(Information supplied)
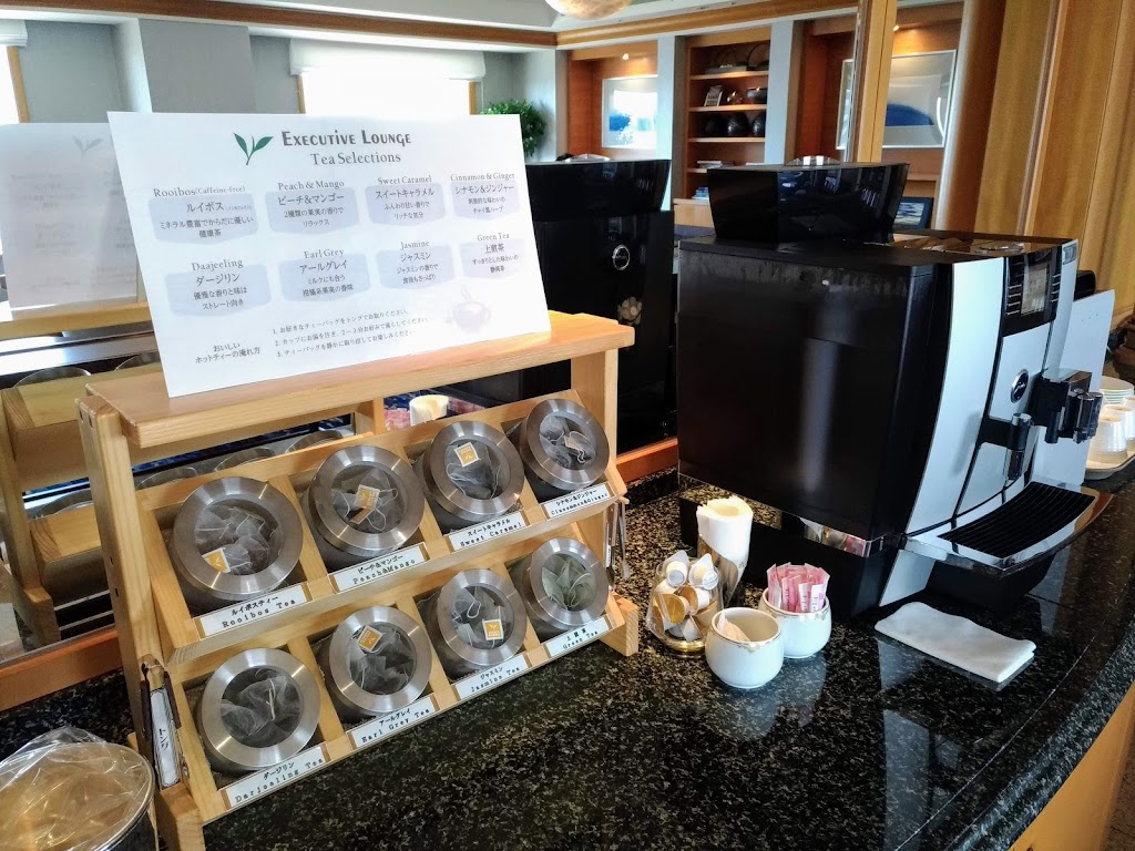 クッキーくらいあってもよさそうなものですが、食べ物は何もなく、コーヒーサーバーと各種のホットティーがあるだけです。
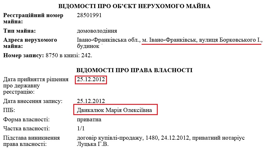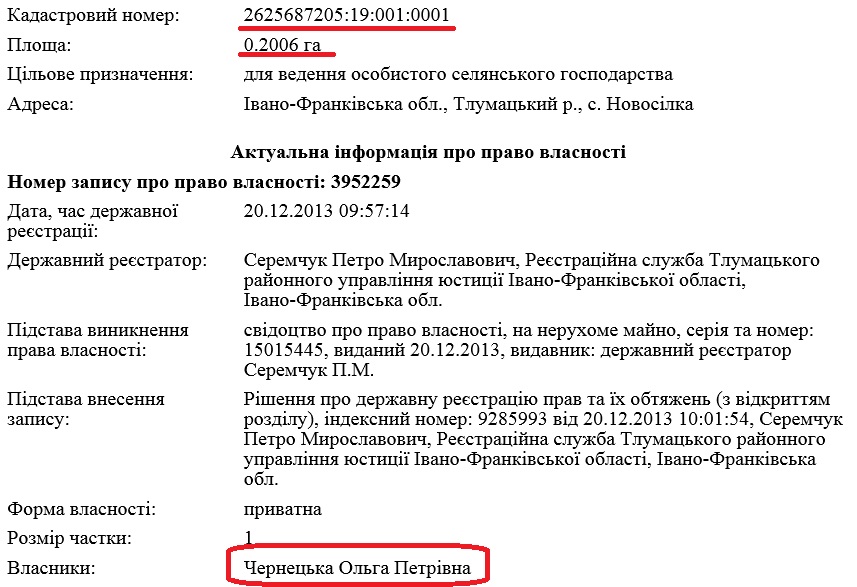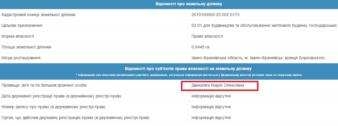 Однак, згідно з публічною кадастровою картою, матері його дружини Марії Двикалюк в селі Новосілка належить два наділи площами 0,15 та 0,1835 га.
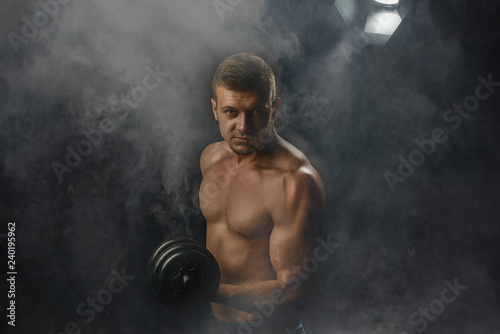 abdominal, active, adult, arm, athlete, athletic, attractive, background, beautiful, beauty, bicep, body, bodybuilder, bodybuilding, building, dark, dumbbell, energy, exercise, fit, fitness, force, guy, hand, photogenic, health, healthy, lifestyle, lifting, lighting, male, man, muscle, muscle, muscular, people, person, portrait, posing, power, smoke, sport, strength, strong, studio, torso, training, weight, physical exercise, young
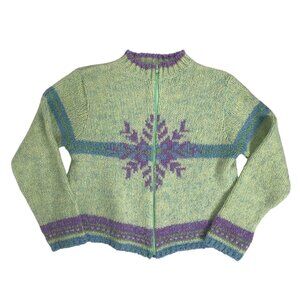 • Nordic star design • Zipper front closure • Ribbed cuffs and hem • Pastel green and purple color • Made in USA - This cardi / jacket is so cute and cozy! The colors are so beautiful and the design is flattering on everyone. In excellent condition.
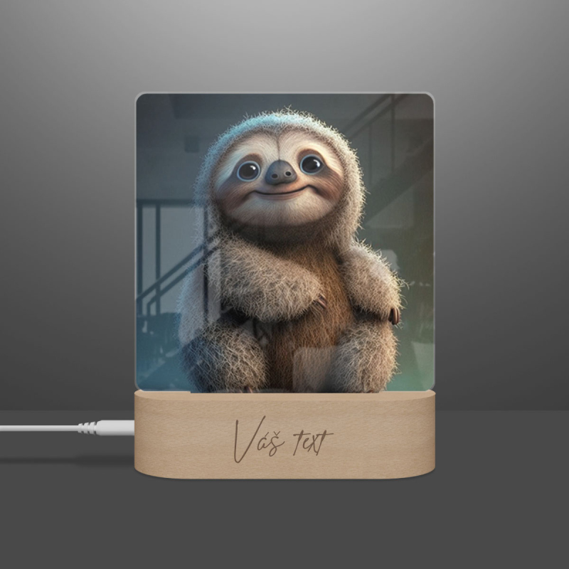 Součástí balení je akrylové sklo dle výběru, dřevěný RGB LED stojánek a napájecí USB kabel.
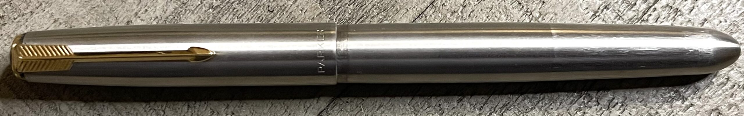 JV746. PARKER “51” Aerometric Flighter in all Steel Cap and Barrel. Shows wear from use but no dents or dings. No date code. Medium 14k nib. Completely restored and working, $225SOLD
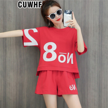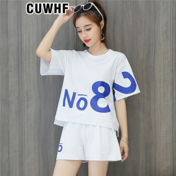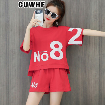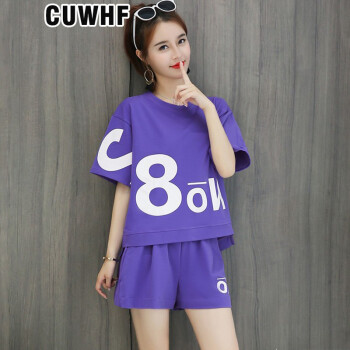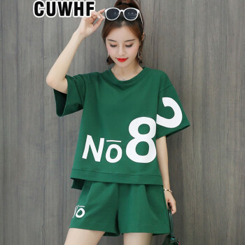 CUWHF 短裤女休闲套装女短裤运动服夏季新款2020时尚胖MM大码短袖T恤两件套潮 绿色 L |
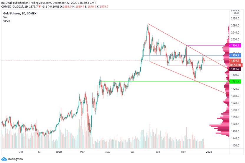 周二(12月22日)欧市盘中,现货黄金扳回日内跌幅,刚刚重返1880美元上方。 据最新消息,特朗普正式签署了联邦支出和刺激法案。特朗普签署了7天期的政府支出法案,以允许政府继续运作至12月28日。 美国国会周一通过了一项8920亿美元的新冠疫情援助法案,在数月未采取行动后终于为美国受疫情重创的经济提供
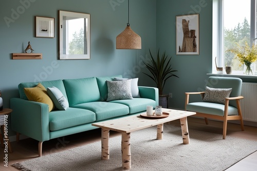 Scandinavian Style Retreat Displaying Mint Sofa Birch Coffee Table and Cozy Living Space
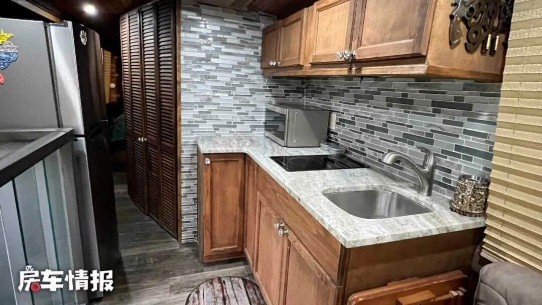 与乘客们相对的则是全车的厨房区域了,采用了L型厨房操作台的设计,台面上提供了基础的微波炉、电磁炉、不锈钢水槽等,可以满足日常的需求,另外上下方还带有多个储物的空间,以满足整体的储物需求,而全车的冰箱,则位于厨房操作台的对面,对于日常的使用也提供了便利性。
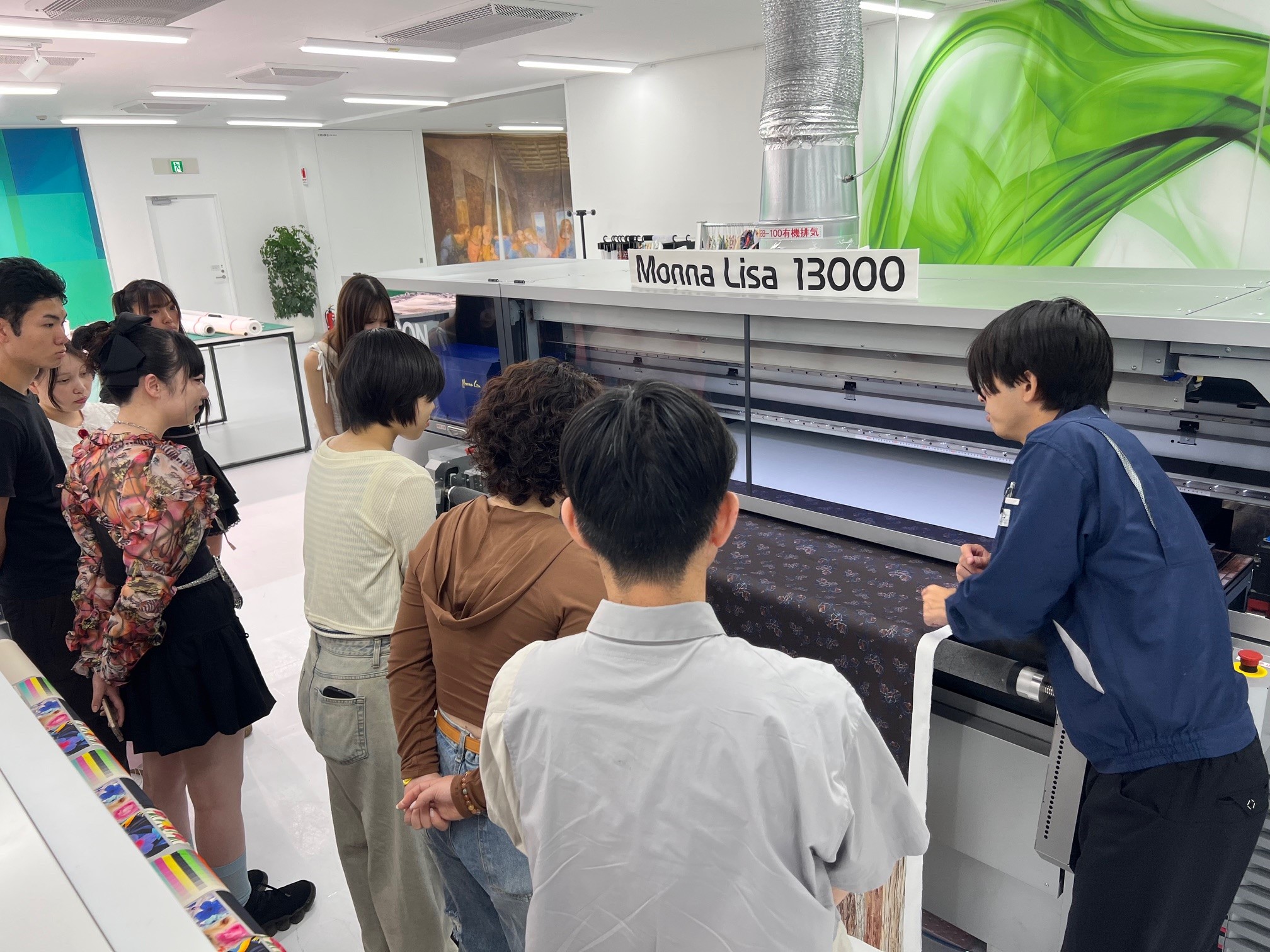 学生の皆さんには、長野県諏訪郡富士見町にある当社の施設「ソリューションセンター富士見」を訪問していただき、最新技術に触れながら、環境に配慮した工程を学び、オリジナルデザインの布プリントを体験。卒業制作に向けたこだわりを追求した作品づくりに活用しています。
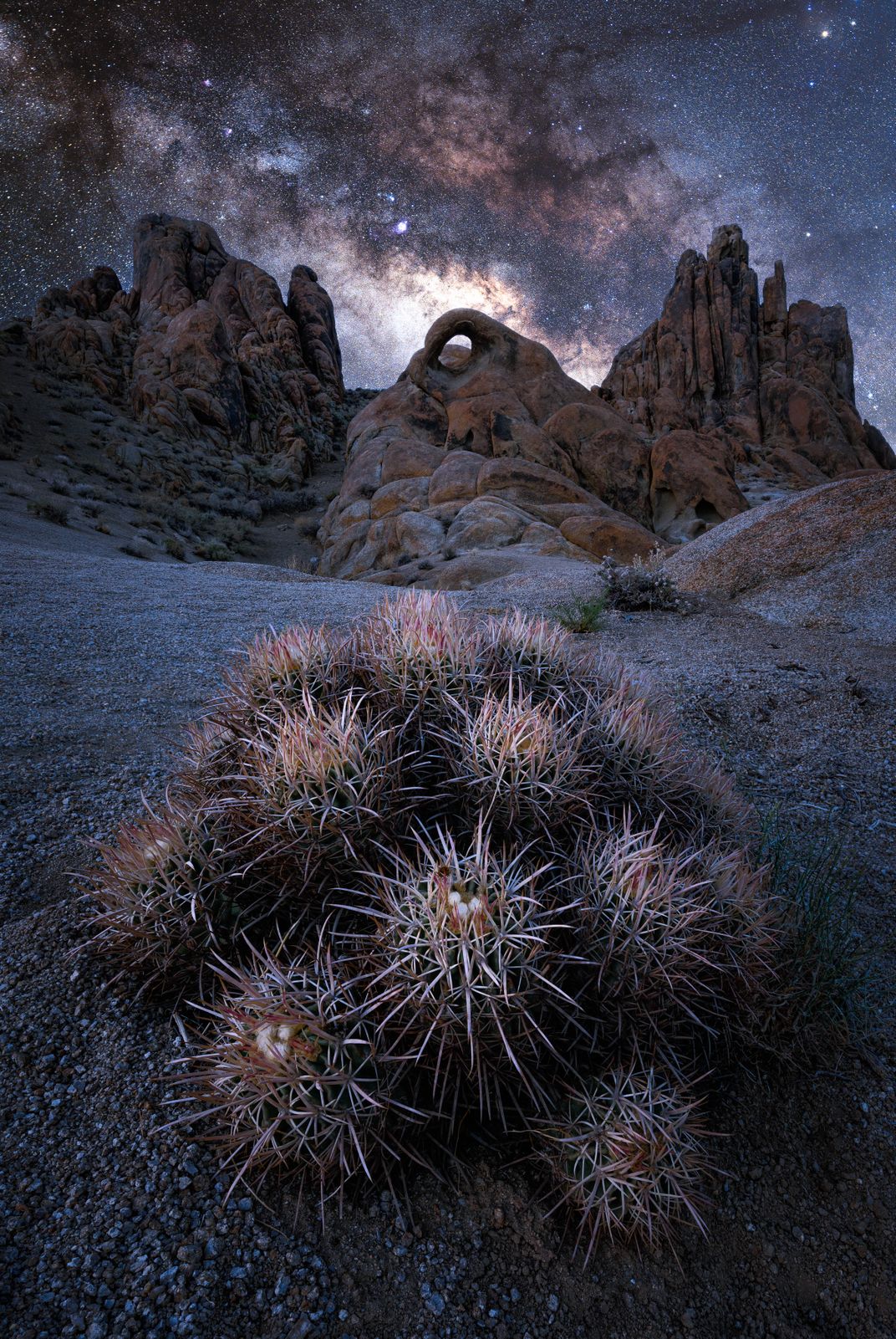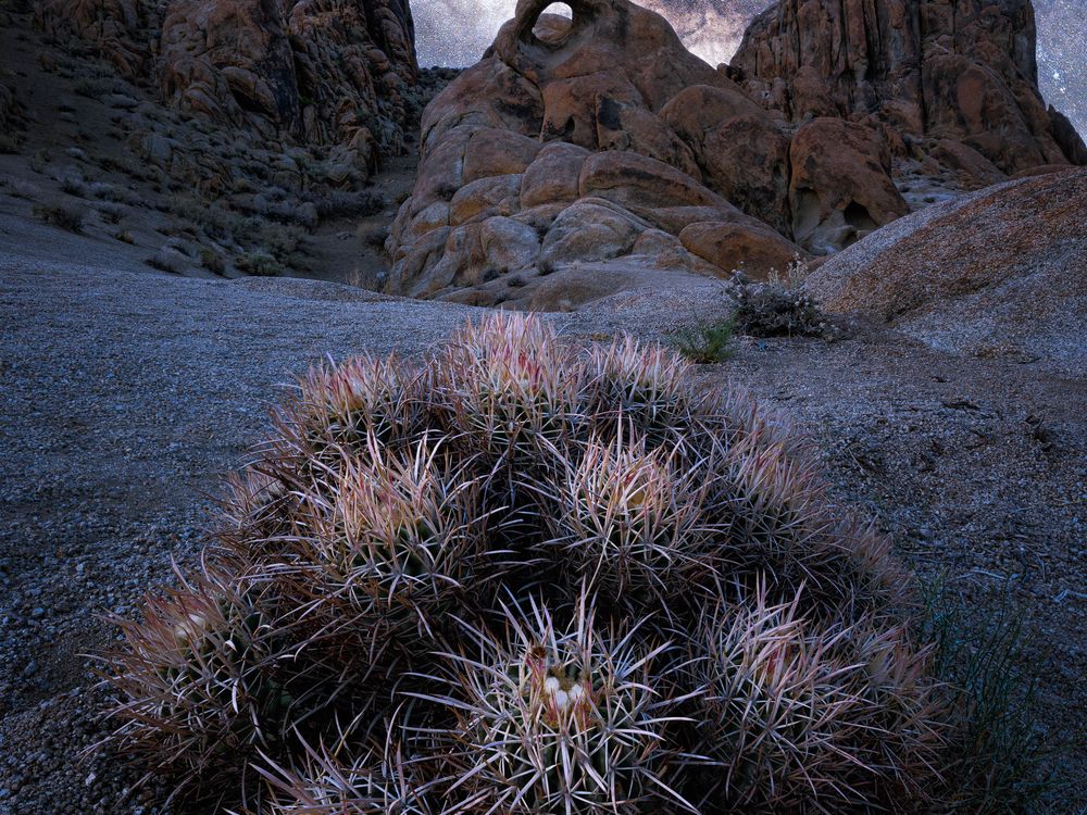 Barrel cactus speckle the alien landscape at California's Alabama Hills, making for wonderful foreground elements against the strange rock formations and incredible night skies.
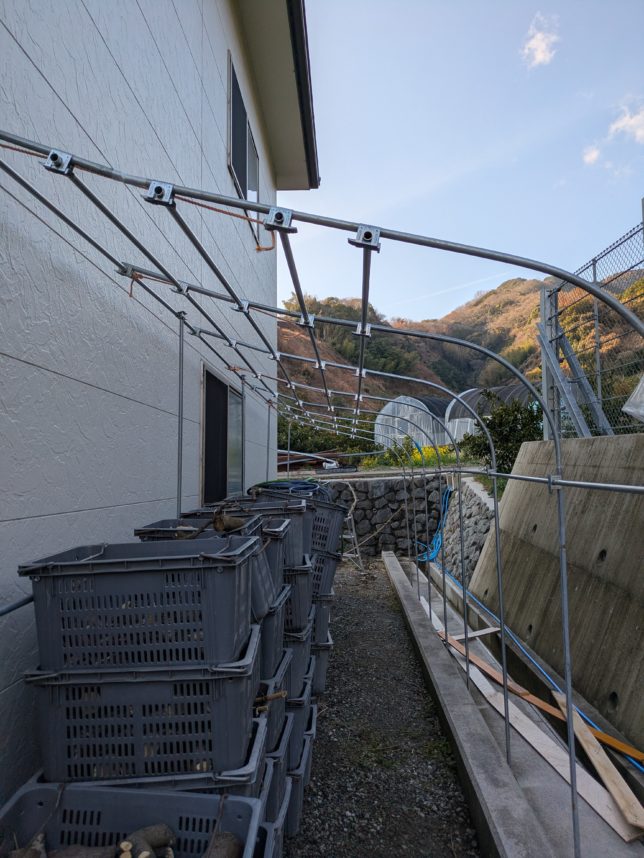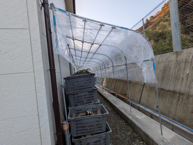 これまで骨組みが粗かったので、ビニールに水が溜まって垂れ下がっていた。これで少しは良くなるかな。
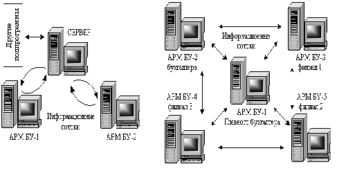 Рис. 1. Локальная и распределенная система Банков и Баз данных

(Your objective)
Skip every picture. Repeat word for word the lines from the line holding "これまで骨組みが粗かったので" through the end of the entries above.

(Answer space)
 これまで骨組みが粗かったので、ビニールに水が溜まって垂れ下がっていた。これで少しは良くなるかな。
 Рис. 1. Локальная и распределенная система Банков и Баз данных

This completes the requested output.